Please restate word for word the lines of the entries below from the one with "Objednajte ešte dnes" to the one with "摇摆的年代 故事就从名叫Charlie Christian的年轻人,將他的Gibson", inclusive, and leave out every picture.

- INPUT
↓

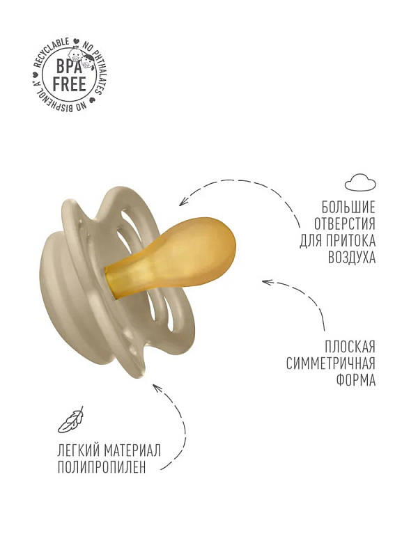 Пустышки BIBS изготавливаются из экологичных, на 100% безопасных материалов. Сосок выполнен из натурального каучука (латекса), а защитная накладка (шилдик) — из полипропилена. Форма накладки минимизирует контакт с чувствительной и нежной кожей вокруг рта ребенка.
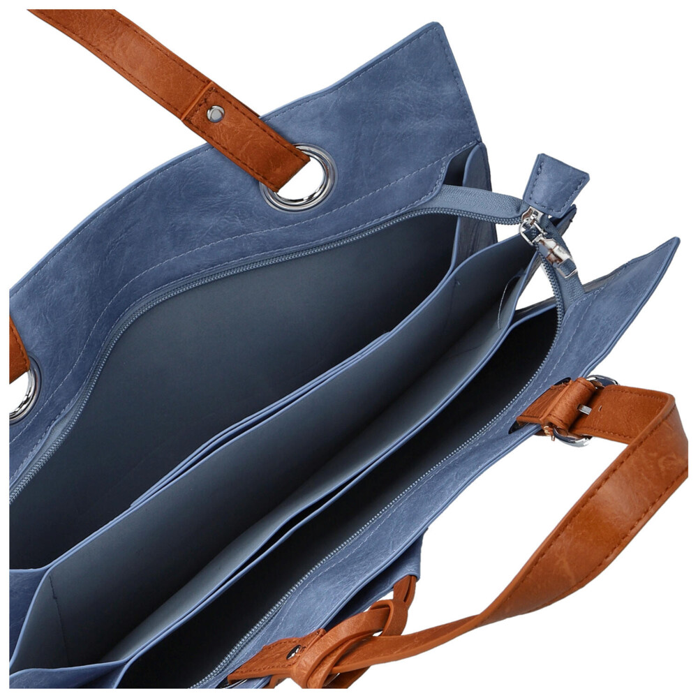 Objednajte ešte dnes a vyskúšajte, vrátiť ju môžete až za 30 dní! Moderná väčšia kabelka cez rameno, od značky Firenze, sa stane skvelým jarným doplnkom vášho outfitu. Modrá taška do mesta alebo do práce. Obdĺžniková kabelka s hlavným vreckom na zips. Vnútorný priestor pre osobné veci je rozdelený prepážkami a vznikajú tak tri voľné vrecká. Dlhé uši kabelky disponujú nastaviteľnou dĺžkou a bonusom je prívesok vo from malej kapsičky so zipsom.
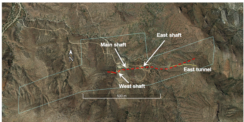 Figure 1. Map showing the location of the Ripsey mine workings, claim boundary in light blue, and the Ripsey vein in red, now explored for about 600 meters along strike.
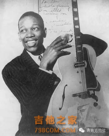 摇摆的年代 故事就从名叫Charlie Christian的年轻人,將他的Gibson ES-150插上音箱开始…. 与萨克斯风、小号、钢琴等乐器相较之下,吉他在早期爵士乐当中是比较沒有地位的,主要的原因便在于音量的大小。在1940年代以前流行的摇摆(Swing)爵士乐,由于多半是以乐团的形式演出,故此一时期又被称为大乐团(Big Band)时期。在其他乐器的包围之下,当时尚无成熟的技术將声音放大的吉他,其原本的音量无法与其他乐器匹敌,也就无法担任重要的角色。一直到了1936年,吉他名牌Gibson推出了第一把裝有实用化的拾音器(pick-up)的吉他ES-150,吉他手們才拥有了能与萨克斯风手們抗衡的兵器。而將這项新科技发扬光大的第一人,则非Charlie Christian莫属。 爵士吉他第一人- Charlie Christian(1916~1942)
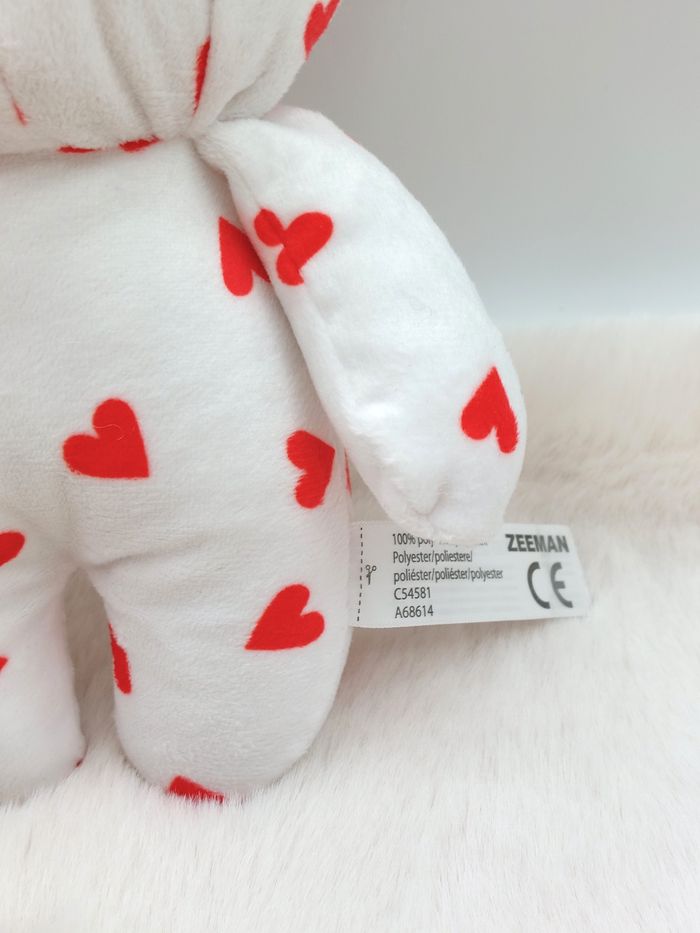 Peluche doudou ours blanc cœurs rouges ZEEMAN nœud rouge 20 cm Très bon état, lavé avant la vente Envoi rapide Réf A12349 #minotresor #peluche #doudou #plush #knuffel #comforter
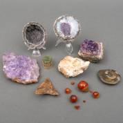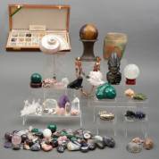 Diverse stenen, mineralen en fossielen, daarbij: metalen pillendoosje met groen stenen deksel

↑

- RESULT OF THIS EXERCISE
 Objednajte ešte dnes a vyskúšajte, vrátiť ju môžete až za 30 dní! Moderná väčšia kabelka cez rameno, od značky Firenze, sa stane skvelým jarným doplnkom vášho outfitu. Modrá taška do mesta alebo do práce. Obdĺžniková kabelka s hlavným vreckom na zips. Vnútorný priestor pre osobné veci je rozdelený prepážkami a vznikajú tak tri voľné vrecká. Dlhé uši kabelky disponujú nastaviteľnou dĺžkou a bonusom je prívesok vo from malej kapsičky so zipsom.
 Figure 1. Map showing the location of the Ripsey mine workings, claim boundary in light blue, and the Ripsey vein in red, now explored for about 600 meters along strike.
 摇摆的年代 故事就从名叫Charlie Christian的年轻人,將他的Gibson ES-150插上音箱开始…. 与萨克斯风、小号、钢琴等乐器相较之下,吉他在早期爵士乐当中是比较沒有地位的,主要的原因便在于音量的大小。在1940年代以前流行的摇摆(Swing)爵士乐,由于多半是以乐团的形式演出,故此一时期又被称为大乐团(Big Band)时期。在其他乐器的包围之下,当时尚无成熟的技术將声音放大的吉他,其原本的音量无法与其他乐器匹敌,也就无法担任重要的角色。一直到了1936年,吉他名牌Gibson推出了第一把裝有实用化的拾音器(pick-up)的吉他ES-150,吉他手們才拥有了能与萨克斯风手們抗衡的兵器。而將這项新科技发扬光大的第一人,则非Charlie Christian莫属。 爵士吉他第一人- Charlie Christian(1916~1942)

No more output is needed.